** Opening Records supplied block **
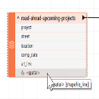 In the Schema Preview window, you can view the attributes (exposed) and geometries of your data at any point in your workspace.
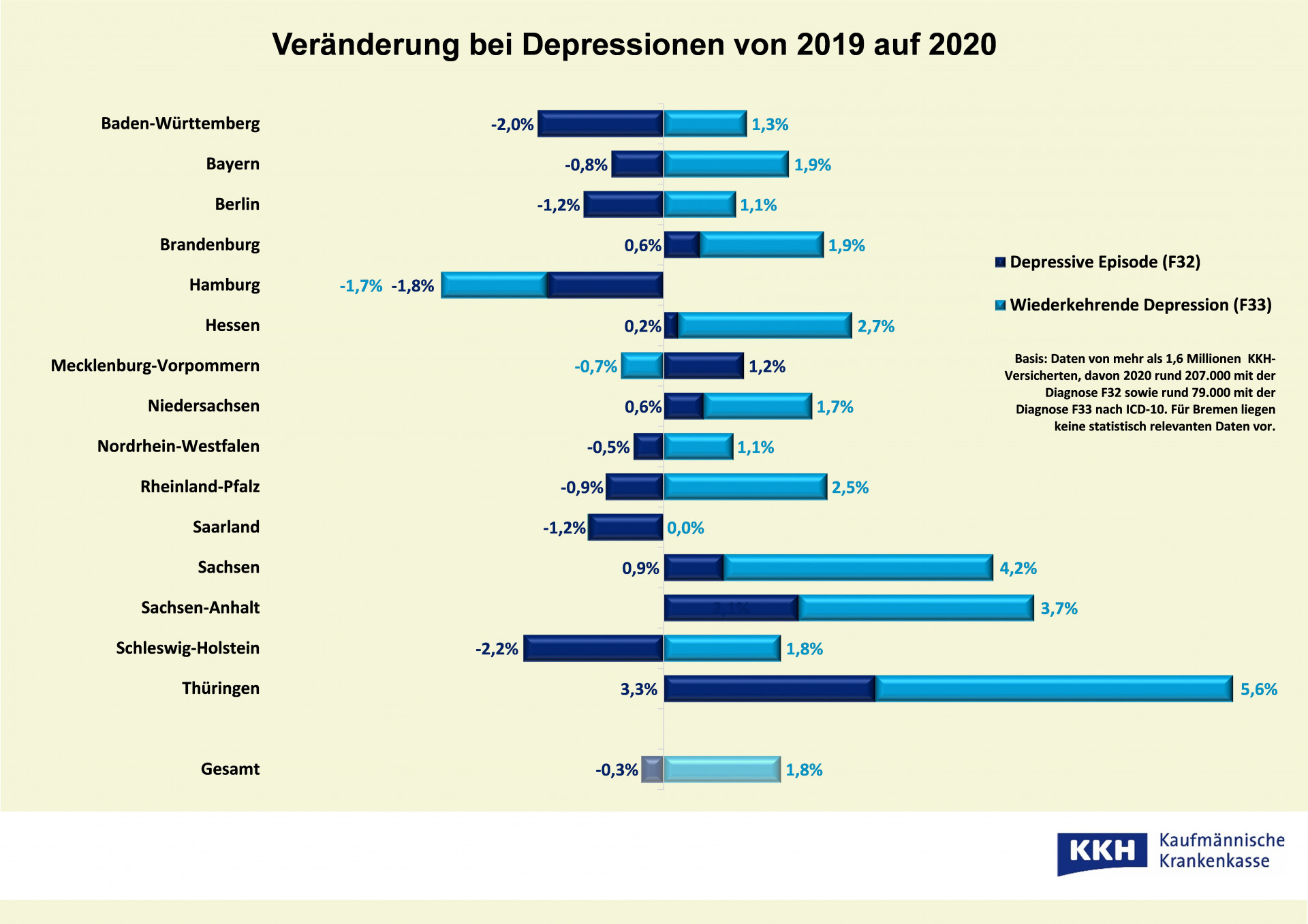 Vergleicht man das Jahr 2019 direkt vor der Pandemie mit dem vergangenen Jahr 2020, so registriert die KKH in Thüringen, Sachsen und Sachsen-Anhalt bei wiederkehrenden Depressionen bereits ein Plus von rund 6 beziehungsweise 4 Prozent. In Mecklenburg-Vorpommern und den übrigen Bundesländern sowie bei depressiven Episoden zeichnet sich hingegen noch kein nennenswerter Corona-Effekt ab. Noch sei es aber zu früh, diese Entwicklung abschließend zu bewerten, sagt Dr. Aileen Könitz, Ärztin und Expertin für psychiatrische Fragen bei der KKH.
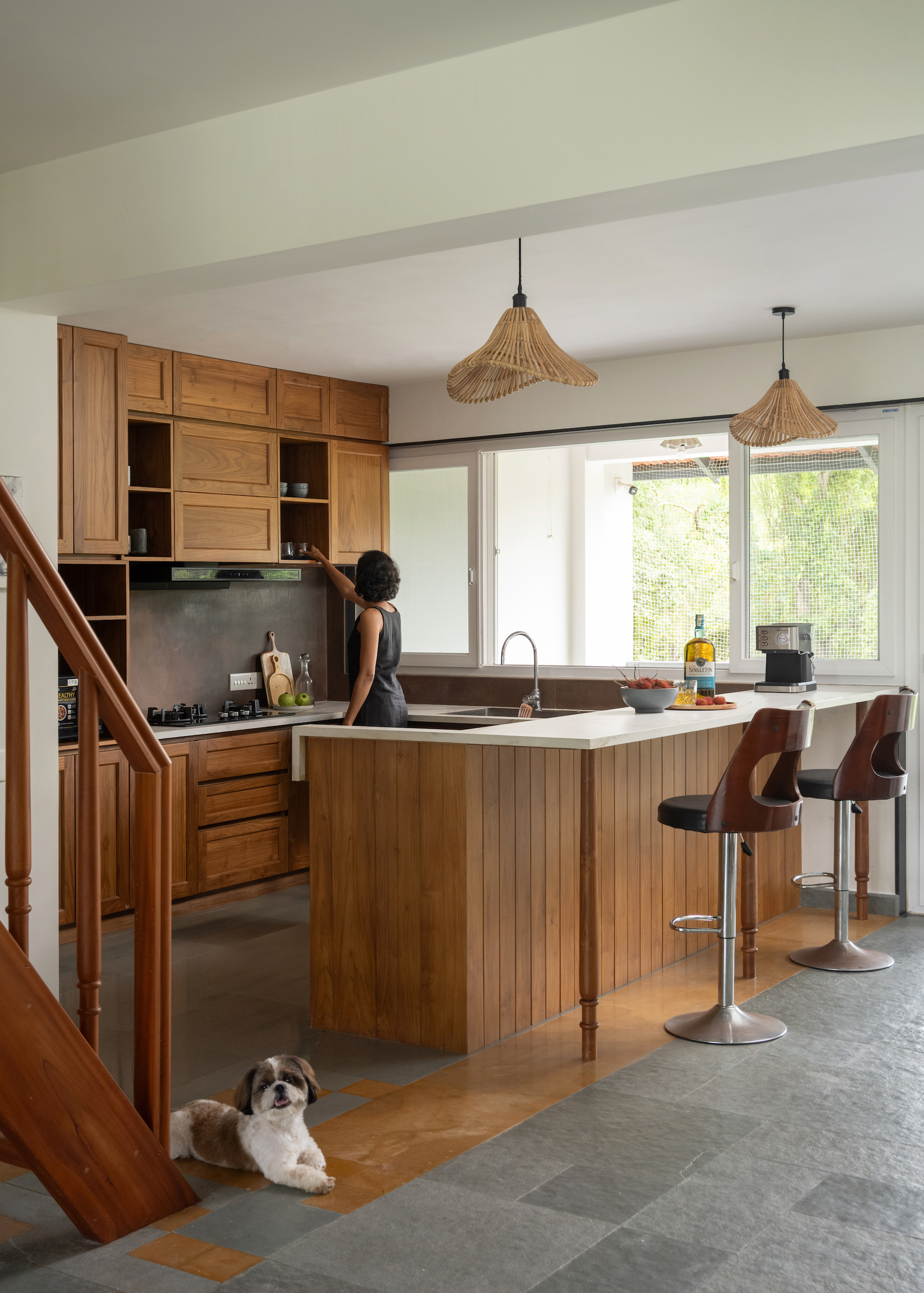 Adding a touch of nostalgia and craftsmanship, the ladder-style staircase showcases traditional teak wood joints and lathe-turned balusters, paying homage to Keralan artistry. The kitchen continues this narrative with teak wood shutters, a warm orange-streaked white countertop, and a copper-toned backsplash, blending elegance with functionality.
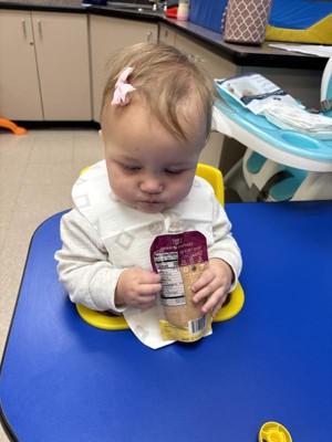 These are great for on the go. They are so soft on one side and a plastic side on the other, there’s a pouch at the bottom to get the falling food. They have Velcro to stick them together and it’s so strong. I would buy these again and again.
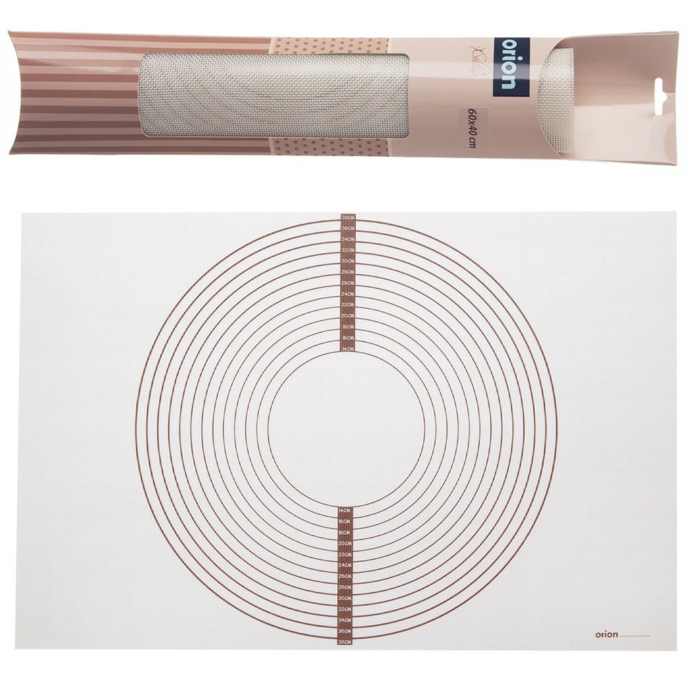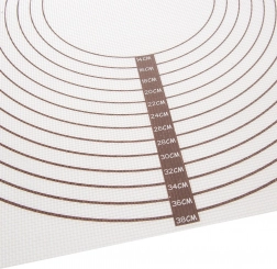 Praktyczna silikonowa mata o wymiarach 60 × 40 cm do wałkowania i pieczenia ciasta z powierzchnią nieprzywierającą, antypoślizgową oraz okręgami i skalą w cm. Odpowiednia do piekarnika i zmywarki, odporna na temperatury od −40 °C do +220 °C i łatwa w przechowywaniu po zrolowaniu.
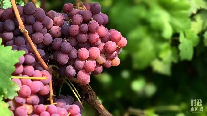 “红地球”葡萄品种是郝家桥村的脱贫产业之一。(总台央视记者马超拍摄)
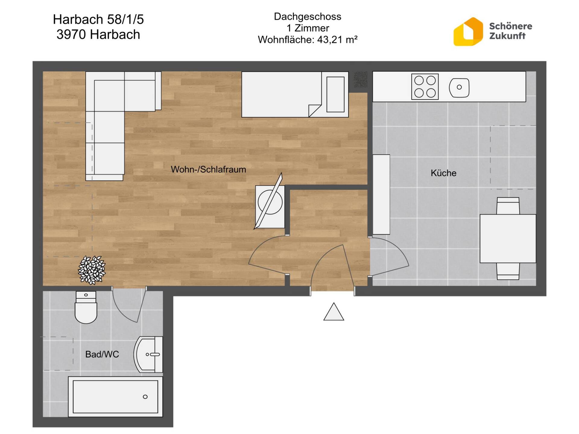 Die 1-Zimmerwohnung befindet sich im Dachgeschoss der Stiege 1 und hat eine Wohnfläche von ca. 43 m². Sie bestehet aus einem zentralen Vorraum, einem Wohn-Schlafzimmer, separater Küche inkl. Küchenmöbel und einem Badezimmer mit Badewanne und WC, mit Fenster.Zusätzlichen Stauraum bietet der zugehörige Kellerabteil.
** Closing Records supplied block **
** Opening Records supplied block **
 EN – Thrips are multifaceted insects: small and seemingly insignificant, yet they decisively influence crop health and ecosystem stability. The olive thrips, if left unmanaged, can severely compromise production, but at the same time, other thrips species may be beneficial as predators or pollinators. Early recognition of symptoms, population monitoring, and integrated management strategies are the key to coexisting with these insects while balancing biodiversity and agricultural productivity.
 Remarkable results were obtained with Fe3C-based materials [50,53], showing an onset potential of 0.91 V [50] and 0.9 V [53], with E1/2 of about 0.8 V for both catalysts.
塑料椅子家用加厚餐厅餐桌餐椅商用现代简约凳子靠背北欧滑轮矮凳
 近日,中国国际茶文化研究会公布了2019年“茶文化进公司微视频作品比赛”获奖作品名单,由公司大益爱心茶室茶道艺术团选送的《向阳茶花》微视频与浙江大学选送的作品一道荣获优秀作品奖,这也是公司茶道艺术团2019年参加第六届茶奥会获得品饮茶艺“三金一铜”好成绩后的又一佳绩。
** Closing Records supplied block **
** Opening Records supplied block **
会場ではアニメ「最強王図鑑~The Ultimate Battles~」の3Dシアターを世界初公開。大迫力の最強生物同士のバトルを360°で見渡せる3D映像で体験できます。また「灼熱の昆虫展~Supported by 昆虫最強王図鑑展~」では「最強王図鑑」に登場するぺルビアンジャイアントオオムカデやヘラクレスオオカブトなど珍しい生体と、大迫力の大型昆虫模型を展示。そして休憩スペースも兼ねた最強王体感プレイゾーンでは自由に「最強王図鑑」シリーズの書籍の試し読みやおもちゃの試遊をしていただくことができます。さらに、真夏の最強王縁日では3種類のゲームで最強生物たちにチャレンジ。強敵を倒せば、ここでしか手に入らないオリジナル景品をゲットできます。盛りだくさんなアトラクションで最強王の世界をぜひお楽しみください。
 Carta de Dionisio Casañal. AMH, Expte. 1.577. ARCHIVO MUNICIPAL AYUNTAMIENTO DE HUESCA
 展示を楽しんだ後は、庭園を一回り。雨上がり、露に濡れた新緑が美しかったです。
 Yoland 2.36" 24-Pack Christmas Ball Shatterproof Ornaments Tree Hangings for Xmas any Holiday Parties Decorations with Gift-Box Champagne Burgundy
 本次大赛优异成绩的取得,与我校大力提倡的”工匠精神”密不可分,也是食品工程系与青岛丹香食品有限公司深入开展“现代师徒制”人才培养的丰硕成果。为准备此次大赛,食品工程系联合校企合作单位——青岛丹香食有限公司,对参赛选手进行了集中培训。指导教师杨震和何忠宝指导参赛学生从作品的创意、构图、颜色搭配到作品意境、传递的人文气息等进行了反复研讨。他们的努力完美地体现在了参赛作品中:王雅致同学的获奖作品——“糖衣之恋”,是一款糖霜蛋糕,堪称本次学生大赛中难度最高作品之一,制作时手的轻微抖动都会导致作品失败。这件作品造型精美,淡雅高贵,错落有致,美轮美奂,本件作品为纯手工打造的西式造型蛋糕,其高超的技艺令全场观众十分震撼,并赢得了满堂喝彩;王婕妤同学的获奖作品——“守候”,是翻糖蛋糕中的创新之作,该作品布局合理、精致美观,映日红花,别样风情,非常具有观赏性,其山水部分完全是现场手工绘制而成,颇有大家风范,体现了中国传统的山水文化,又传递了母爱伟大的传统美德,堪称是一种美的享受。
** Closing Records supplied block **
> **Problem to work on**: Return word for word the lines of the listing above, starting at the line with "In the Schema" and ending at the line with "These are great", both included. Pictures do not belong in the copy.

> **Result**:
 In the Schema Preview window, you can view the attributes (exposed) and geometries of your data at any point in your workspace.
 Vergleicht man das Jahr 2019 direkt vor der Pandemie mit dem vergangenen Jahr 2020, so registriert die KKH in Thüringen, Sachsen und Sachsen-Anhalt bei wiederkehrenden Depressionen bereits ein Plus von rund 6 beziehungsweise 4 Prozent. In Mecklenburg-Vorpommern und den übrigen Bundesländern sowie bei depressiven Episoden zeichnet sich hingegen noch kein nennenswerter Corona-Effekt ab. Noch sei es aber zu früh, diese Entwicklung abschließend zu bewerten, sagt Dr. Aileen Könitz, Ärztin und Expertin für psychiatrische Fragen bei der KKH.
 Adding a touch of nostalgia and craftsmanship, the ladder-style staircase showcases traditional teak wood joints and lathe-turned balusters, paying homage to Keralan artistry. The kitchen continues this narrative with teak wood shutters, a warm orange-streaked white countertop, and a copper-toned backsplash, blending elegance with functionality.
 These are great for on the go. They are so soft on one side and a plastic side on the other, there’s a pouch at the bottom to get the falling food. They have Velcro to stick them together and it’s so strong. I would buy these again and again.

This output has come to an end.